[INFORMATION GIVEN]
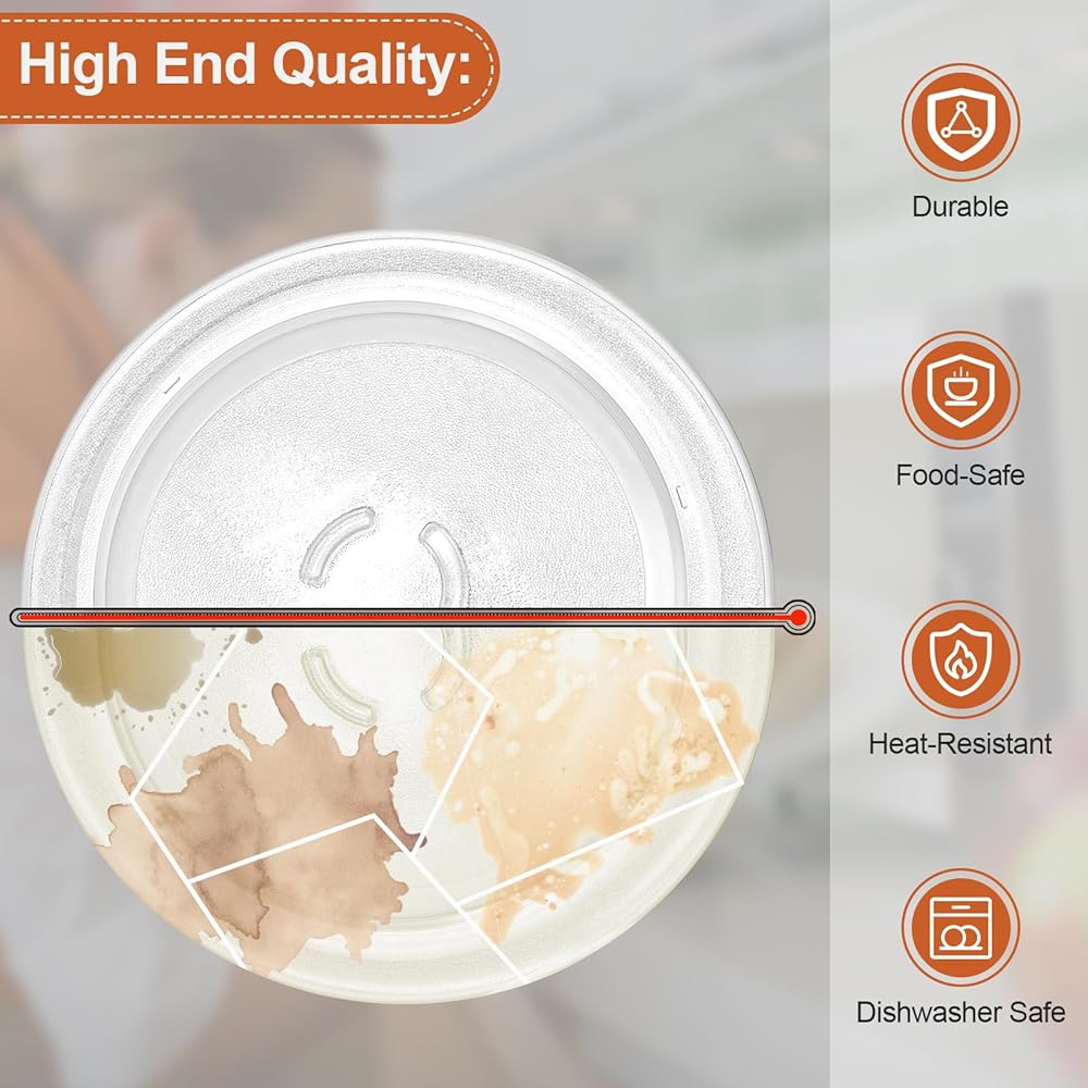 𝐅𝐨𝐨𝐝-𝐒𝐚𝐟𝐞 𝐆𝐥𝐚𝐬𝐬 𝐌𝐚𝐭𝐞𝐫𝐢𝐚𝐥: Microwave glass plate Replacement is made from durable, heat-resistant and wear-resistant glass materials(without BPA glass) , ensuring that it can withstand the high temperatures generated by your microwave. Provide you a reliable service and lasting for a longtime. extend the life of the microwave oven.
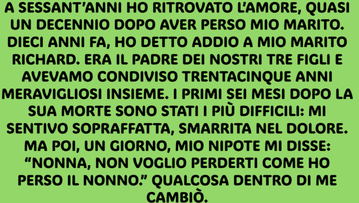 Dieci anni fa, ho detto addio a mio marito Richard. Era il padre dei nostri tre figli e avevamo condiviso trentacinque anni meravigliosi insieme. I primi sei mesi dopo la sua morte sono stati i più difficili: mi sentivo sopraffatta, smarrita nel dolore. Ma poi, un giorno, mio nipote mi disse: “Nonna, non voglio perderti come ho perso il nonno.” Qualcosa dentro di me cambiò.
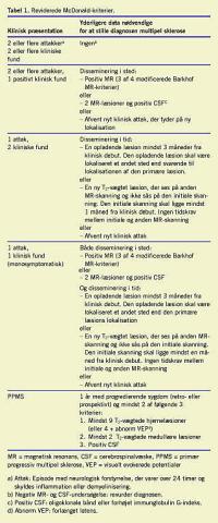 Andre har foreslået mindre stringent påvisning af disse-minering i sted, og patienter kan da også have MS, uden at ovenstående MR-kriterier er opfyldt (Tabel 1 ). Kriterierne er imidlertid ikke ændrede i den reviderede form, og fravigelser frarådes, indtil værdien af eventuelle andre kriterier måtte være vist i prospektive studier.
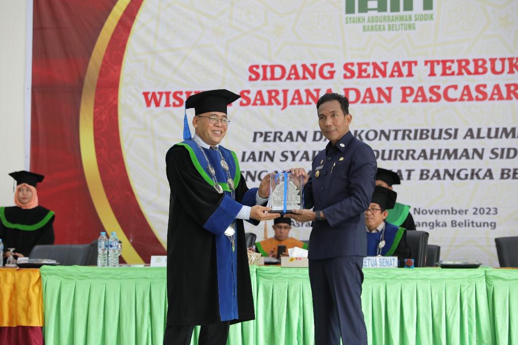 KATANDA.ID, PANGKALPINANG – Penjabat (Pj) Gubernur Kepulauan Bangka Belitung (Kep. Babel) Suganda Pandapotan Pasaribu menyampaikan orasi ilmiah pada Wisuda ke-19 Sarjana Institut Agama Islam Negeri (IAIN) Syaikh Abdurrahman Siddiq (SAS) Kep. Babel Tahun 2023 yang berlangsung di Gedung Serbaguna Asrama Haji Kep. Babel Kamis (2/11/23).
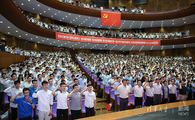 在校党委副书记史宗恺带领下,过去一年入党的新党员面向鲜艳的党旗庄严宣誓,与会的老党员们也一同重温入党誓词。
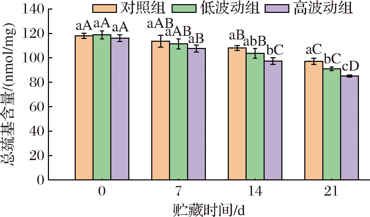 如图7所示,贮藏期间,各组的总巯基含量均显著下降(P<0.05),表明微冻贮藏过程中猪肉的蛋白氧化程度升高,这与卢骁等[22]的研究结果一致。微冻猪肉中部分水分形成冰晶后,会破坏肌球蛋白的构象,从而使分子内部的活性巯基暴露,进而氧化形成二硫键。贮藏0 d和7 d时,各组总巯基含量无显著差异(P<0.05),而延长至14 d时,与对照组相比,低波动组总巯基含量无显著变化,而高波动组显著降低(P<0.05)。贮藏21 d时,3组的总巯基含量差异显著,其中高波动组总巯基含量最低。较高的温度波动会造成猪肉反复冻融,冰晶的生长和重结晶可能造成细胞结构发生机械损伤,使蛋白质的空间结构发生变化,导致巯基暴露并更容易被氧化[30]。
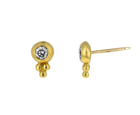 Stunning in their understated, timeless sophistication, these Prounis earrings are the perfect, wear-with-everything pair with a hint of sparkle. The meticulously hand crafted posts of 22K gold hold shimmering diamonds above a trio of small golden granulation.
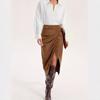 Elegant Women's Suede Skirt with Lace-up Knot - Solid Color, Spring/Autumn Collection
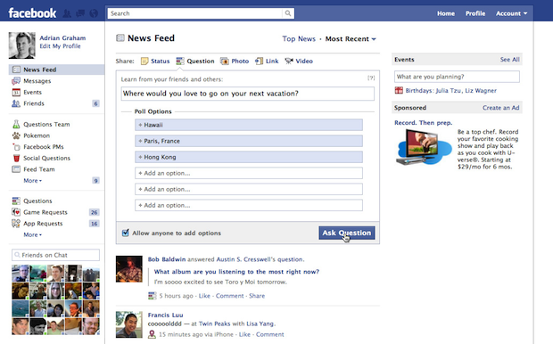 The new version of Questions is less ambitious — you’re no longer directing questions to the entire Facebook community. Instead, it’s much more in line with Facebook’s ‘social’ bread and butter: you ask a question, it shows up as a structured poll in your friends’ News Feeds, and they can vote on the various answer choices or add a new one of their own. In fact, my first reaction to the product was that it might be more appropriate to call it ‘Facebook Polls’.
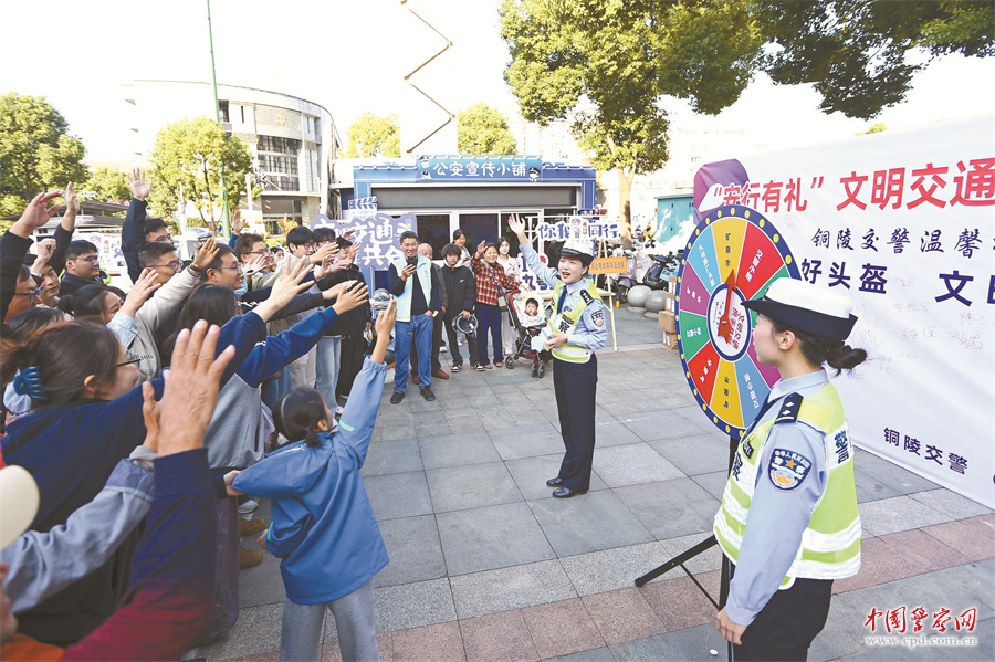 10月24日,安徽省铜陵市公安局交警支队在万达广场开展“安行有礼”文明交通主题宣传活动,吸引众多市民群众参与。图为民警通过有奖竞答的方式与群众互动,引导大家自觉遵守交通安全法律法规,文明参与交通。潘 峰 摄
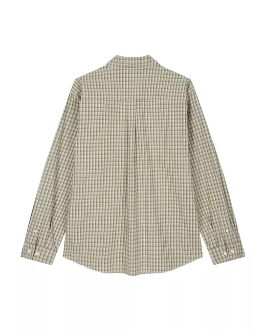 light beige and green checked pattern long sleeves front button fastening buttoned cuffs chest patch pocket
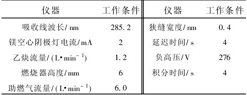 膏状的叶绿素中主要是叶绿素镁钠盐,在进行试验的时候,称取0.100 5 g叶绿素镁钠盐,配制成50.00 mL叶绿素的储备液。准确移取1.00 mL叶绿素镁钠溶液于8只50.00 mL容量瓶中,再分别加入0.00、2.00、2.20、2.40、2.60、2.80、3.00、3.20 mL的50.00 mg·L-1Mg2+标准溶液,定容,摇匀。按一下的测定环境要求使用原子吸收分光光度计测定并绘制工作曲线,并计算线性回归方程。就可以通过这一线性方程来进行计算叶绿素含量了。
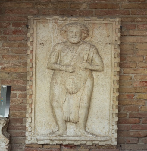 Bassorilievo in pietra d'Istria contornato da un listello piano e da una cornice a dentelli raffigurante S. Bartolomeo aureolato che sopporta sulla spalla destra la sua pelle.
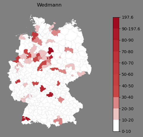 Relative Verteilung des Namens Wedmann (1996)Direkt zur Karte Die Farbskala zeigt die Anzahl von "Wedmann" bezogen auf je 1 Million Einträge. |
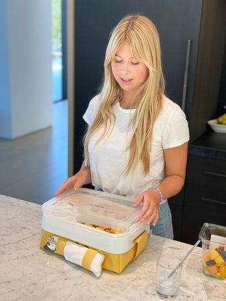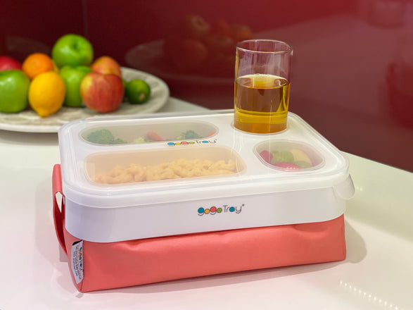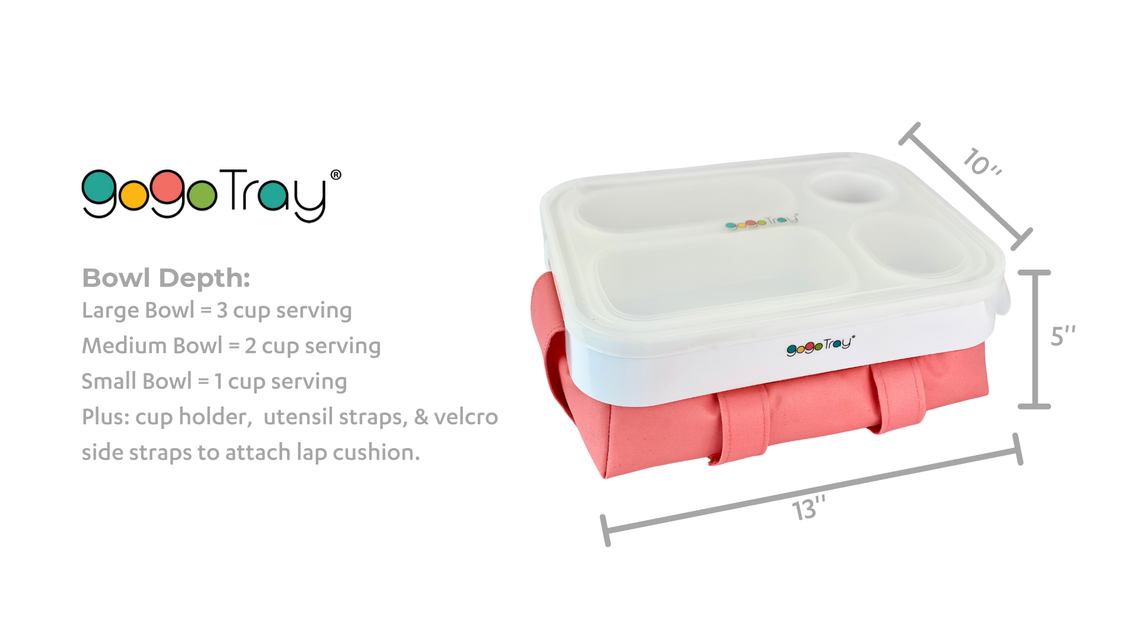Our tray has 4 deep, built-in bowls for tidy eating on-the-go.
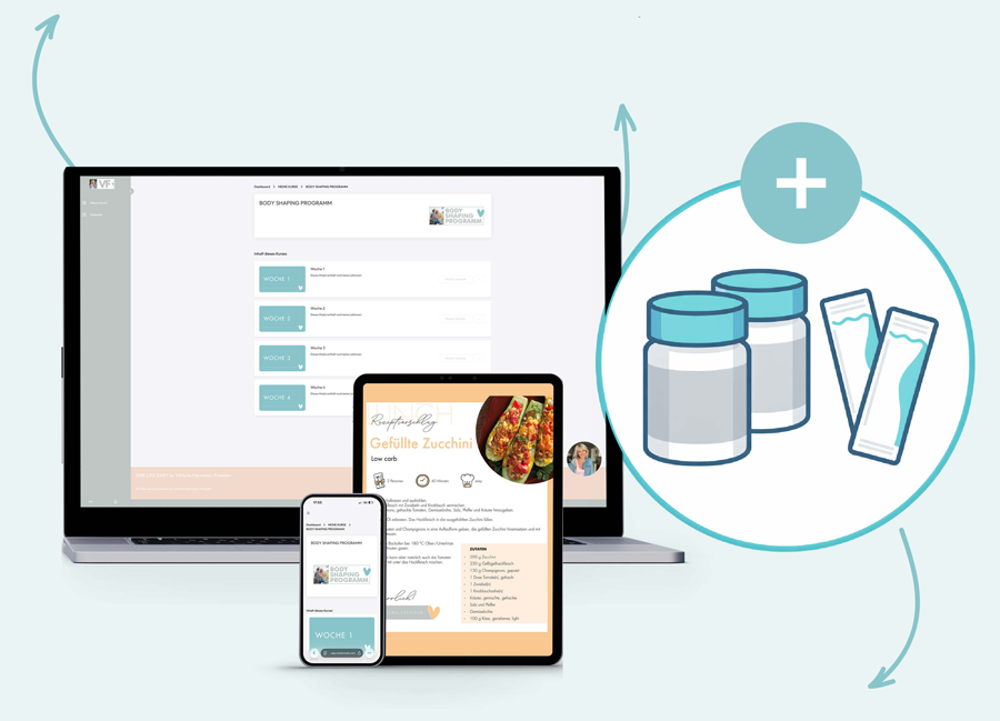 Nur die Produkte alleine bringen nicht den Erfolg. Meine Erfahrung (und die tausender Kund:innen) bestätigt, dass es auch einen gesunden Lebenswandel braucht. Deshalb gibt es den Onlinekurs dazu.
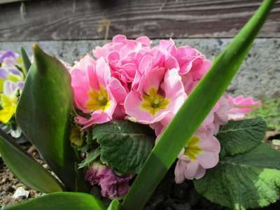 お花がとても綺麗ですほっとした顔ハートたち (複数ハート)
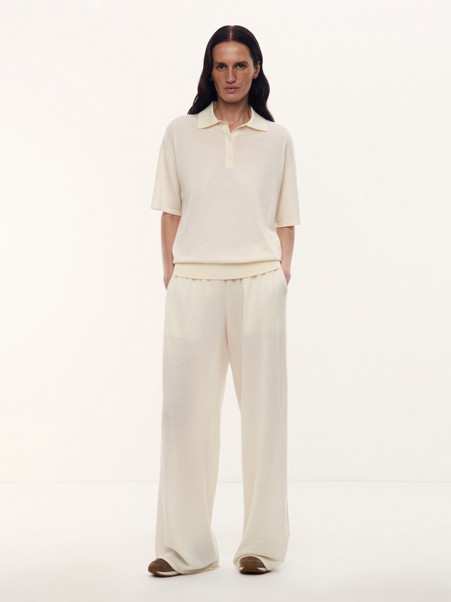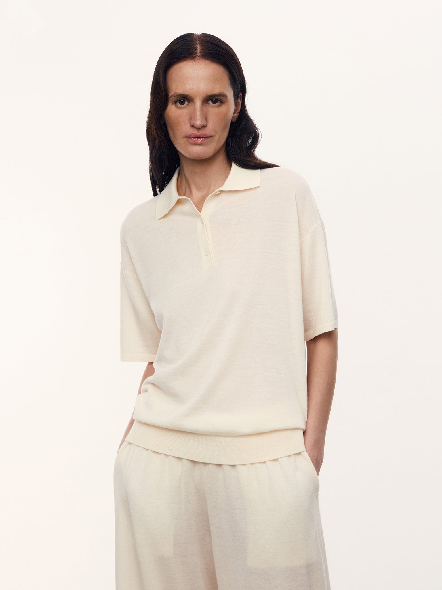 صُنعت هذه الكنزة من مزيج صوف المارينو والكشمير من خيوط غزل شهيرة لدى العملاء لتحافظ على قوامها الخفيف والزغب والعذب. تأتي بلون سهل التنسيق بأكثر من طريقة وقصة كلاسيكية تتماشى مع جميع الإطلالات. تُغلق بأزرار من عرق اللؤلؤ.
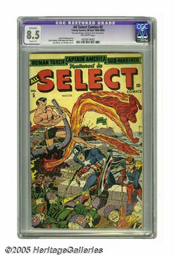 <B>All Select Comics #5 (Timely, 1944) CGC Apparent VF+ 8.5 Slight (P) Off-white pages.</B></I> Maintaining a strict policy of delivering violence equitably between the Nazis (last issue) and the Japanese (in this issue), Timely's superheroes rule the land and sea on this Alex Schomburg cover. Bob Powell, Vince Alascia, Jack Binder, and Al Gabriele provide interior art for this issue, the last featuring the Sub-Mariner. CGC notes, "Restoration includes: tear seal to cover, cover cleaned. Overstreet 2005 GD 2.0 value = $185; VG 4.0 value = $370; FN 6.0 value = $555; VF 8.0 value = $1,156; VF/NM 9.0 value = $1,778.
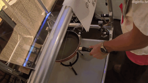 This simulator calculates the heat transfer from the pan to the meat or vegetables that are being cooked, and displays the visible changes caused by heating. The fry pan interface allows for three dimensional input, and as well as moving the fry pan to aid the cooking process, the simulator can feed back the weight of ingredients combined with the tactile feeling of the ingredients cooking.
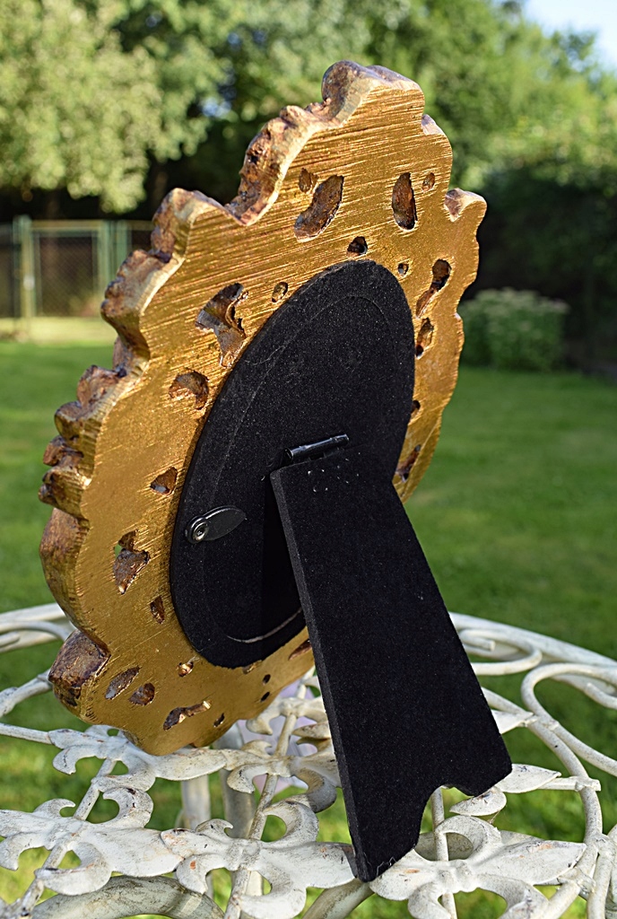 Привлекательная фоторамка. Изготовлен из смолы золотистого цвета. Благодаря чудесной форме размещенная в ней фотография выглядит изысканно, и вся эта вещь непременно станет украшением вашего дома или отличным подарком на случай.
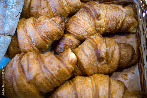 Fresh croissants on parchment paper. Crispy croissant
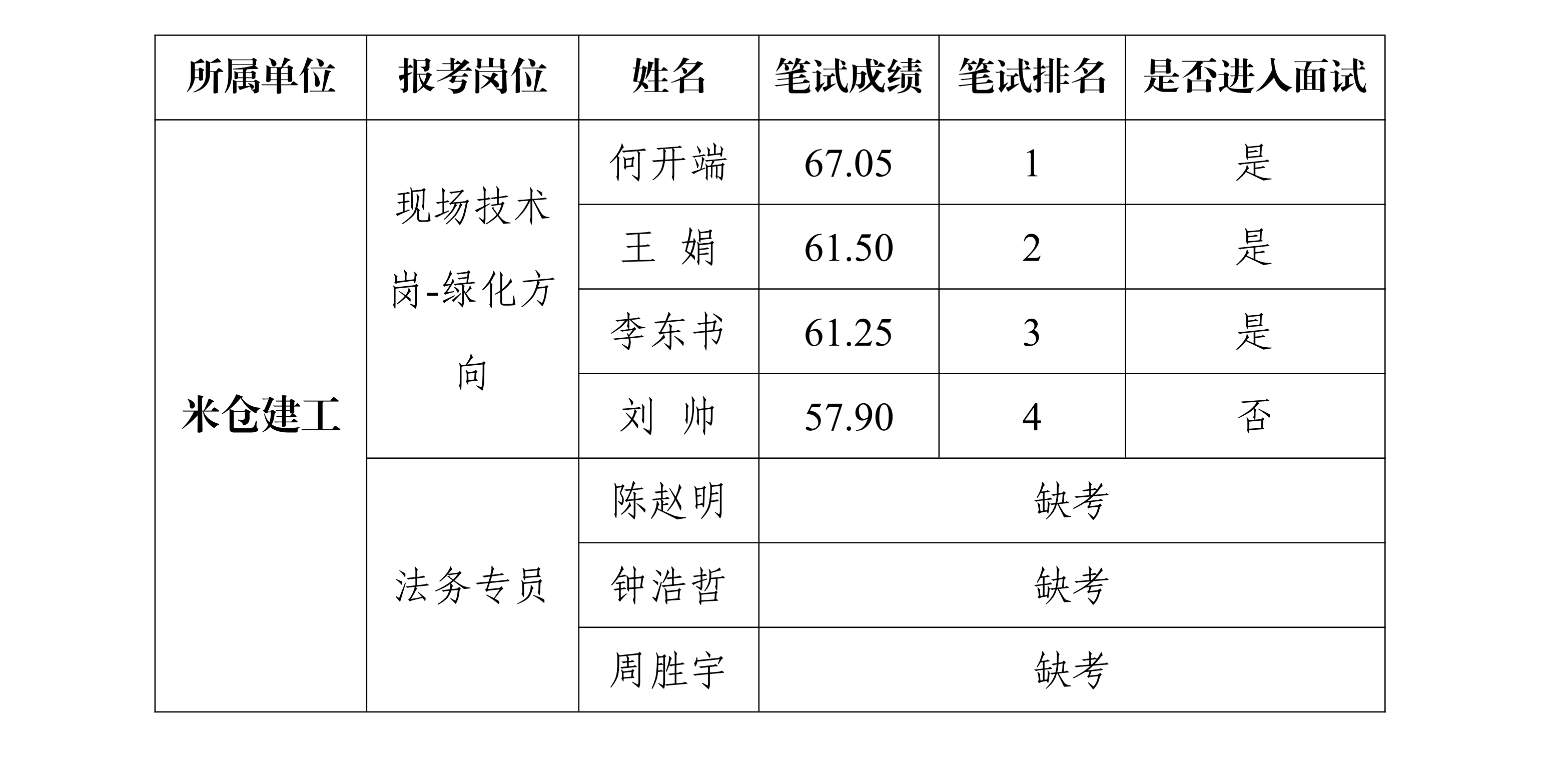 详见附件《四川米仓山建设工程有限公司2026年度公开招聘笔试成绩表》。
[/INFORMATION GIVEN]
## WHAT IS BEING ASKED
If a picture sits between the line containing "お花がとても綺麗ですほっとした顔ハートたち (複数ハート)" and the line containing "صُنعت هذه الكنزة", leave it out, and return the lines of that range above exactly, both ends included.

## SOLUTION
 お花がとても綺麗ですほっとした顔ハートたち (複数ハート)
 صُنعت هذه الكنزة من مزيج صوف المارينو والكشمير من خيوط غزل شهيرة لدى العملاء لتحافظ على قوامها الخفيف والزغب والعذب. تأتي بلون سهل التنسيق بأكثر من طريقة وقصة كلاسيكية تتماشى مع جميع الإطلالات. تُغلق بأزرار من عرق اللؤلؤ.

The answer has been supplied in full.